### [Task goal]
Dropping every picture, set down exactly the lines in the entries below, starting with the line with "Animated Spells is" and going on through the line with "Moderne Einfarbige PU".

### [Data provided]
__________________________________________________

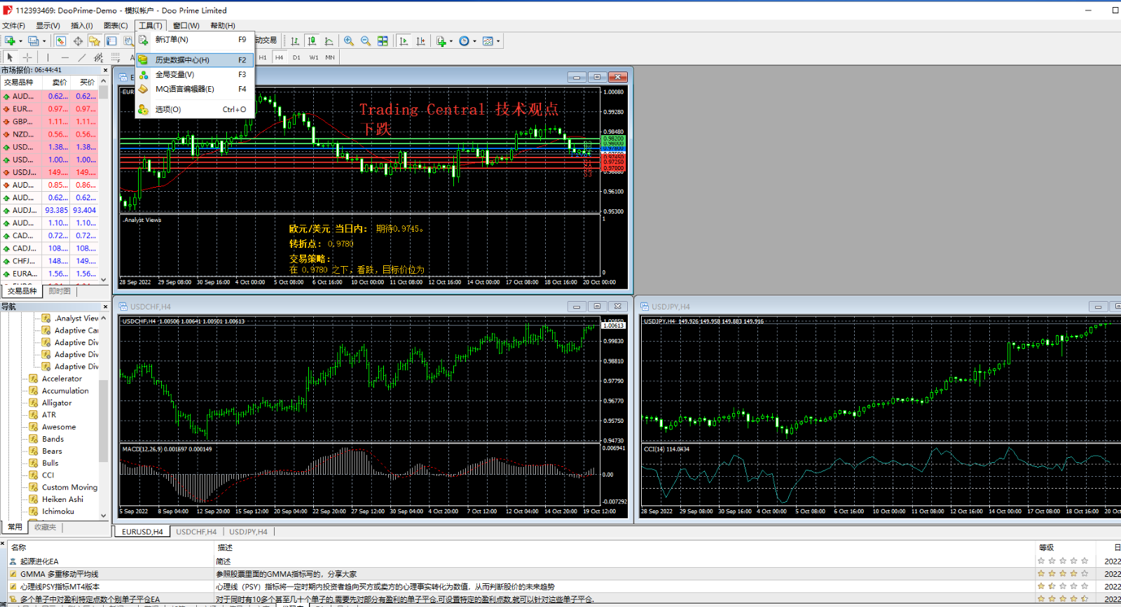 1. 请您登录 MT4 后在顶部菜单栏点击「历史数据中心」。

__________________________________________________

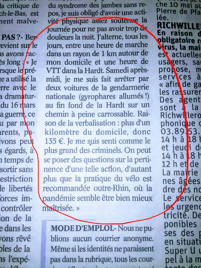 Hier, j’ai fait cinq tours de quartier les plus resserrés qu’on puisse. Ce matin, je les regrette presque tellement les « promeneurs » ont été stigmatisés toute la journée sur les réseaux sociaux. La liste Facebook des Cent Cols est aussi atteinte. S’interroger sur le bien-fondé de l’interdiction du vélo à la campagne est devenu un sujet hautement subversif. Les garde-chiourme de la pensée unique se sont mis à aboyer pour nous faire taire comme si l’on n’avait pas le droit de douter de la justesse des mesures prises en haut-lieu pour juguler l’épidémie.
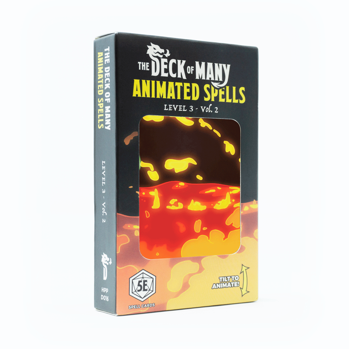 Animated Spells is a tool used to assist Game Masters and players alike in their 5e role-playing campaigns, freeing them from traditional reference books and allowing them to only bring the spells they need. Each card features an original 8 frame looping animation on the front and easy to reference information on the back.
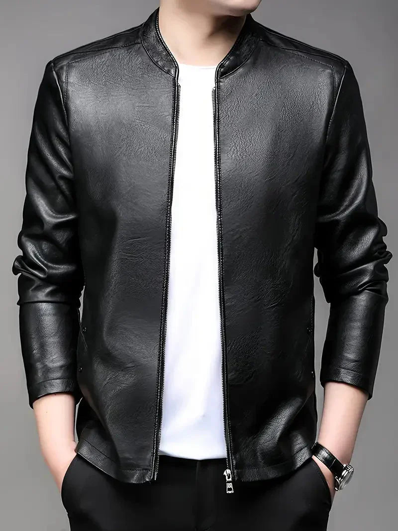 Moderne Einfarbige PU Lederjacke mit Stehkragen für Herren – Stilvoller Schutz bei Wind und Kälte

__________________________________________________

### [Task solution]
 Animated Spells is a tool used to assist Game Masters and players alike in their 5e role-playing campaigns, freeing them from traditional reference books and allowing them to only bring the spells they need. Each card features an original 8 frame looping animation on the front and easy to reference information on the back.
 Moderne Einfarbige PU Lederjacke mit Stehkragen für Herren – Stilvoller Schutz bei Wind und Kälte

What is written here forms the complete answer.